I am trying to understand an example from [1]. In detail I do not understand how the equation for the dynamic of the tracking error is chosen. I am not a mathematician so please forgive me if I may not use the most proper jargon. The example below, from [p. 216, 1], refers to a third order system. The nonlinear state equations are:
$\dot{x_1}= sin (x_{2})+ (x_2 + 1) x_3$
$\dot{x_2}={x_1}^5 + x_3$
$\dot{x_3}={x_1}^2 + u$
$y=x_1$
where $x_1$, $x_2$, $x_3$ are the states, $u$ is the control input and $y$ the output. Now, the objective of the example is to find a direct equation linking the output to the control input $u$.
Differentiating $y$ yields
$\dot{y} = sin (x_{2}) + (x_2 + 1) x_3 $,
and differentiating the above gives:
$\ddot{y}=(x_2 + 1)u + f(x)$
showing a direct relationship between the output $y$ and the control $u$, also
$f(x)=({x_{1}}^5 + x_3) x3 + cos(x_2) + (x_2+1){x_1}^2$.
If the control input is chosen as
$u=\frac{1}{x_2 + 1}(v-f(x_1))$
with $v$ a new 'auxiliary' control input, then the nonlinearity in the equation for $\ddot{y}$ is canceled, and the simple linear relation $\ddot{y}=v$ is obtained. Now, [p. 217, 1] says that designing a tracking controller for this double integrator is simple. Letting the tracking error be $e=y-y_d$, where $y_d$ is the reference, and choosing the new input as
$v=\ddot{y_d} – k_{1} e – k_{2} \dot{e}$
with $k_1, k_2 >0$, the tracking error dynamic is:
$\ddot{e}+ k_{1} e + k_{2} \dot{e} =0$
which represents a stable error dynamic.
My question is
1) how does one come up with the choice $v=\ddot{y} – k_{1} e – k_{2} \dot{e}$? Is this done in order to have $\ddot{e}+ k_{1} e + k_{2} \dot{e} =0$.
2) Why is the choice $\ddot{e}+ k_{1} e + k_{2} \dot{e} =0$ made? Rather than for instance simply choosing $k_{1} e + k_{2} \dot{e} =0$?

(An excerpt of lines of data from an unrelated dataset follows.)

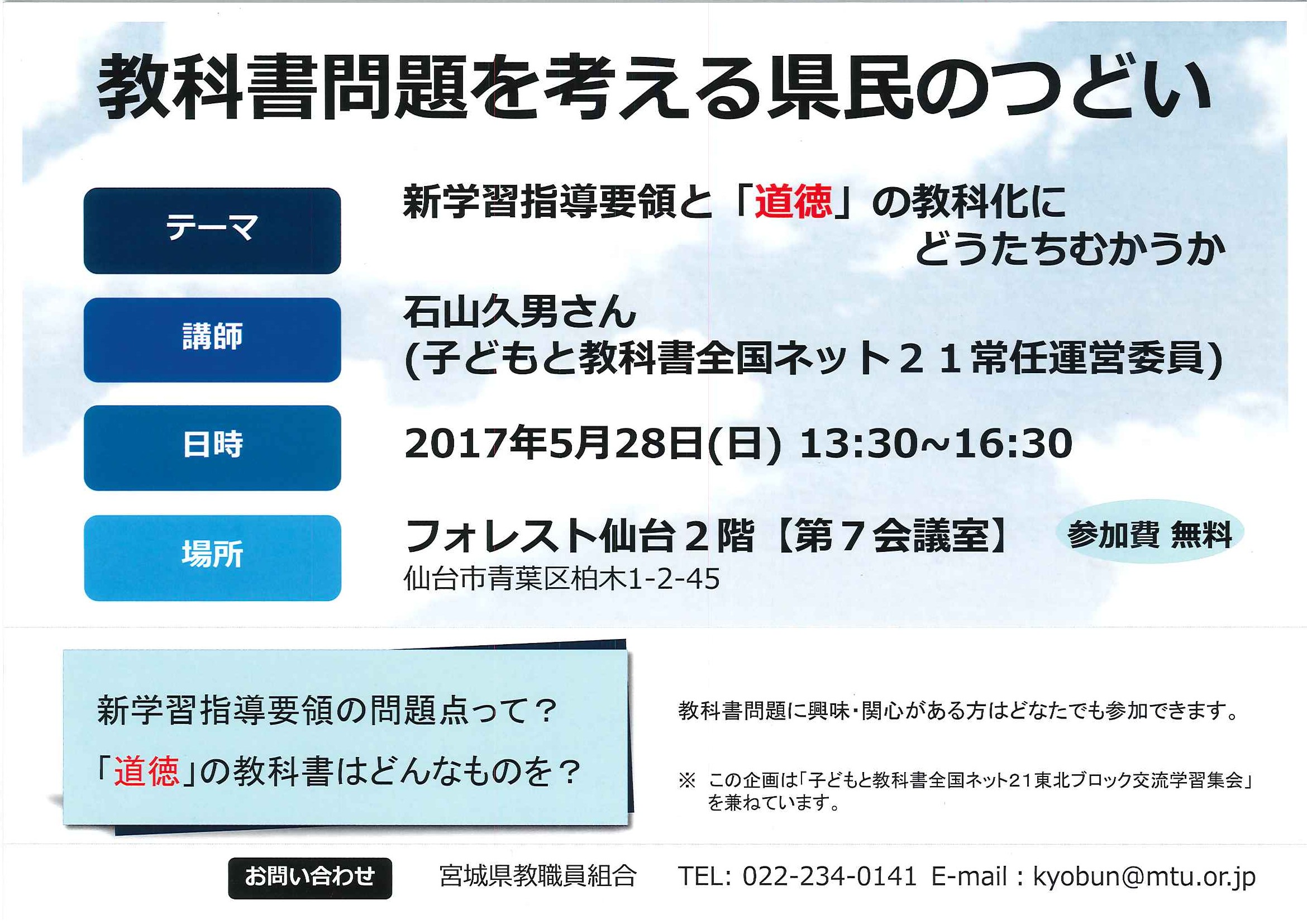 【シンポジウムのお知らせ】教科書問題を考える県民のつどい【日時:2017年5月28日(日)13:30~16:30 場所:フォレスト仙台2階第7会議室】 - 仙台 弁護士 一番町法律事務所
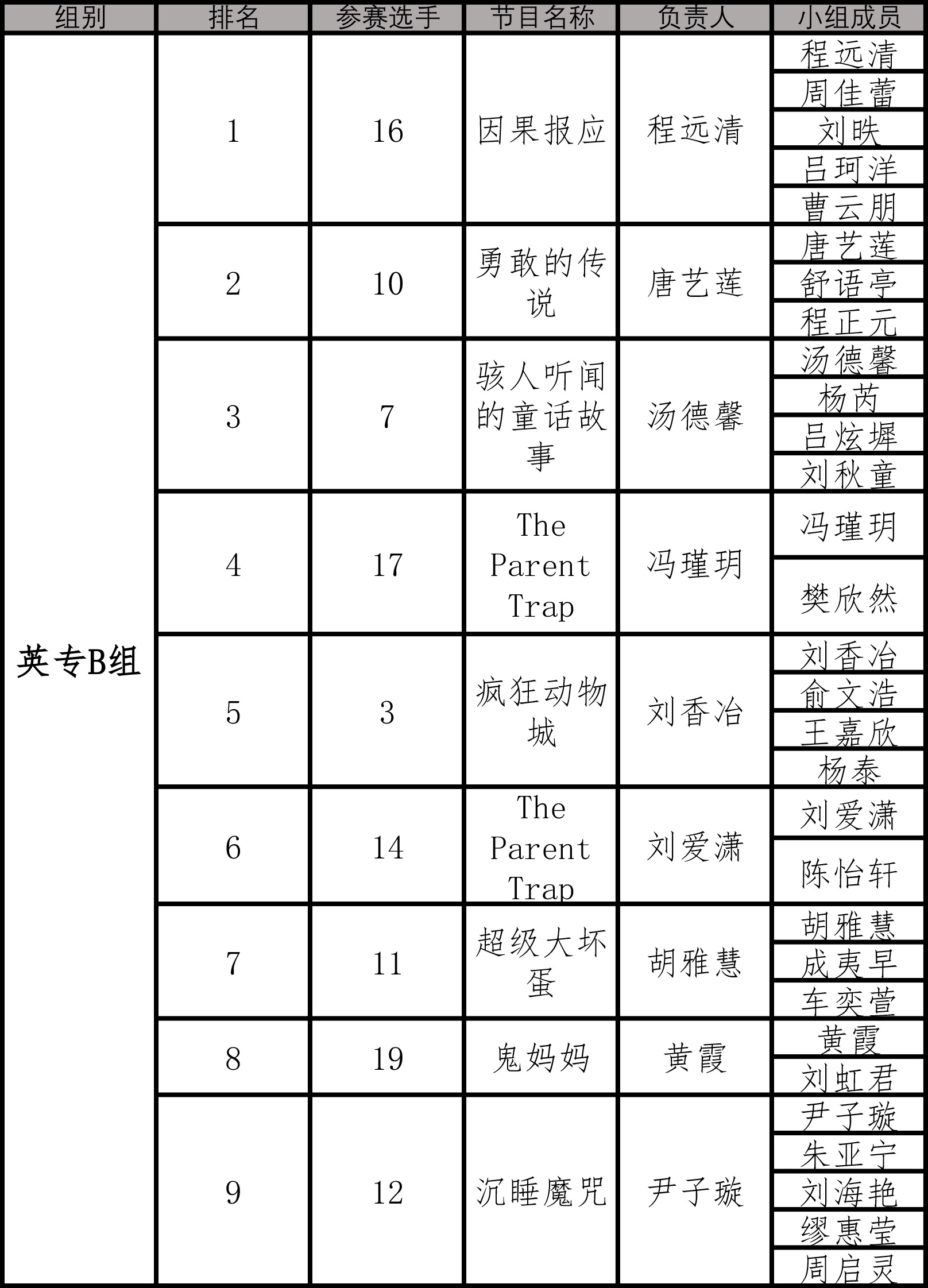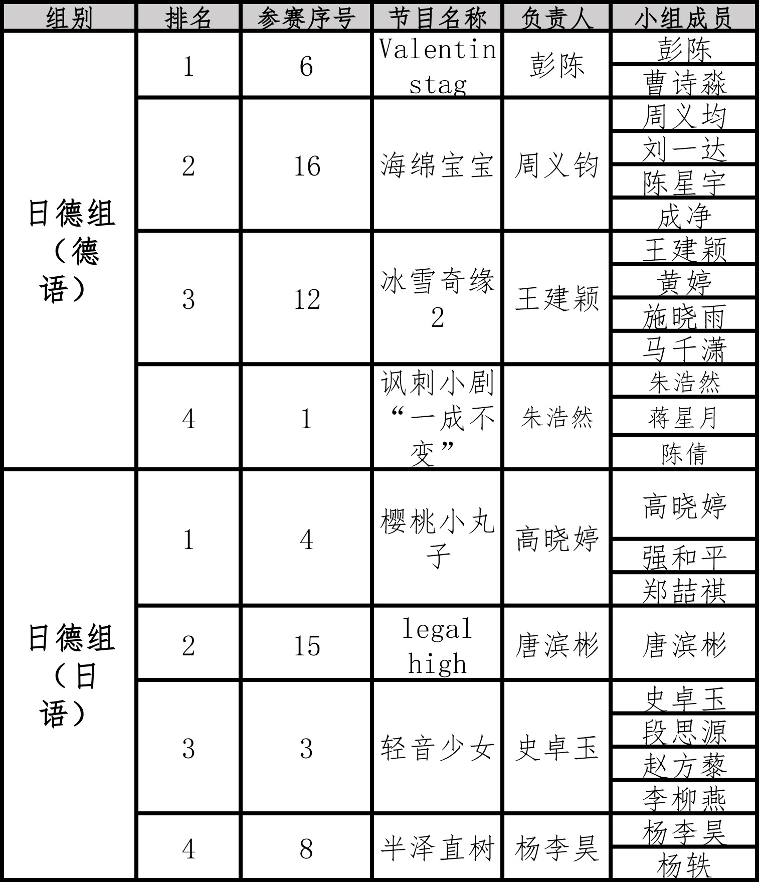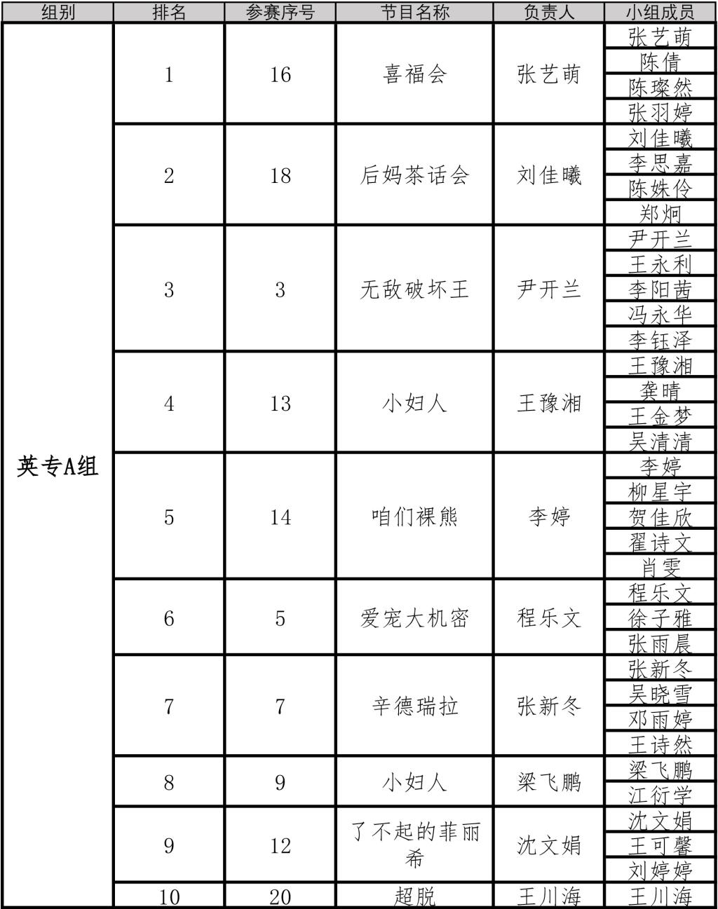 经过紧张激烈的比赛,各个组别晋级决赛的小组也相继决出。具体情况如下图:
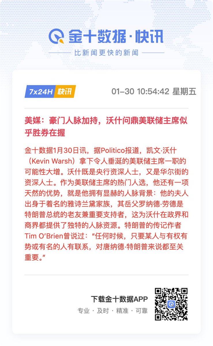 而关于沃什可能获得美联储提名的预期,恰好在市场最敏感的时点,提供了一个绝佳的 “再定价”题材。这并非因为沃什的个人能力,而是他长期以来所代表的政策倾向——更倾向于基于规则、对通胀更为警惕、可能容忍更高利率——恰好成为了市场情绪切换的完美催化剂。

Any (simple) explanation would help a lot!
Thank you
References:
[1] Slotine and Li, Applied Nonlinear Control, Prentice-Hall, New Jersey, 1991
Best Answer
I assume that you made a typo and the choice for the input should be
$$ v = \ddot{y}_d - k_1\,e - k_2\,\dot{e}, $$
so using $\ddot{y}_d$ instead of $\ddot{y}$, which acts as a feedforward term. Such feedforward term makes sure that when the error is zero it will remain zero for any $y_d$ which is at least twice differentiable.
The choice for the input-output linearization gives $\ddot{y} = v$. So if we now look at the error dynamics one gets
\begin{align} \ddot{e} &= \ddot{y} - \ddot{y}_d \\ &= v - \ddot{y}_d \\ &= \ddot{y}_d - k_1\,e - k_2\,\dot{e} - \ddot{y}_d \\ &= - k_1\,e - k_2\,\dot{e} \end{align}
Coming up with this $v$ is common choice in linear control. Namely as stated before $\ddot{y}_d$ acts as feedforward. The remaining two terms act as state feedback, for example after applying the feedforward, so define $v = \ddot{y}_d + w$, the error dynamics can also be written as
$$ \dot{z} = \underbrace{ \begin{bmatrix} 0 & 1 \\ 0 & 0 \end{bmatrix} }_A z + \underbrace{ \begin{bmatrix} 0 \\ 1 \end{bmatrix} }_B w, $$
with $z = \begin{bmatrix}e & \dot{e}\end{bmatrix}^\top$. Now by using state feedback $w = -K\,z$ we get the closed loop dynamics $\dot{z} = (A - B\,K)\,z$, which decays exponentially to zero if $A - B\,K$ is Hurwitz. Choosing a $K$ can be done with things like pole placement or LQR, but it can be shown that $A - B\,K$ is always Hurwitz when $k_1,k_2>0$, with $K = \begin{bmatrix}k_1 & k_2\end{bmatrix}$.
Lets say one would choose $v = \ddot{y} - k_1\,e - k_2\,\dot{e}$, plugging this into $\ddot{y}$ would give $k_1\,e + k_2\,\dot{e} = 0$. However, $v$ is chosen to be equal to $\ddot{y}$ so solving for $v$ would imply solving $v = v - k_1\,e - k_2\,\dot{e}$. This equation is only true when $k_1\,e + k_2\,\dot{e} = 0$ but you are not able to choose what $e$ and $\dot{e}$ are at any given moment. And if that equation would be true, then all values for $v$ would satisfy it. So either way it does not lead to a very sensible result.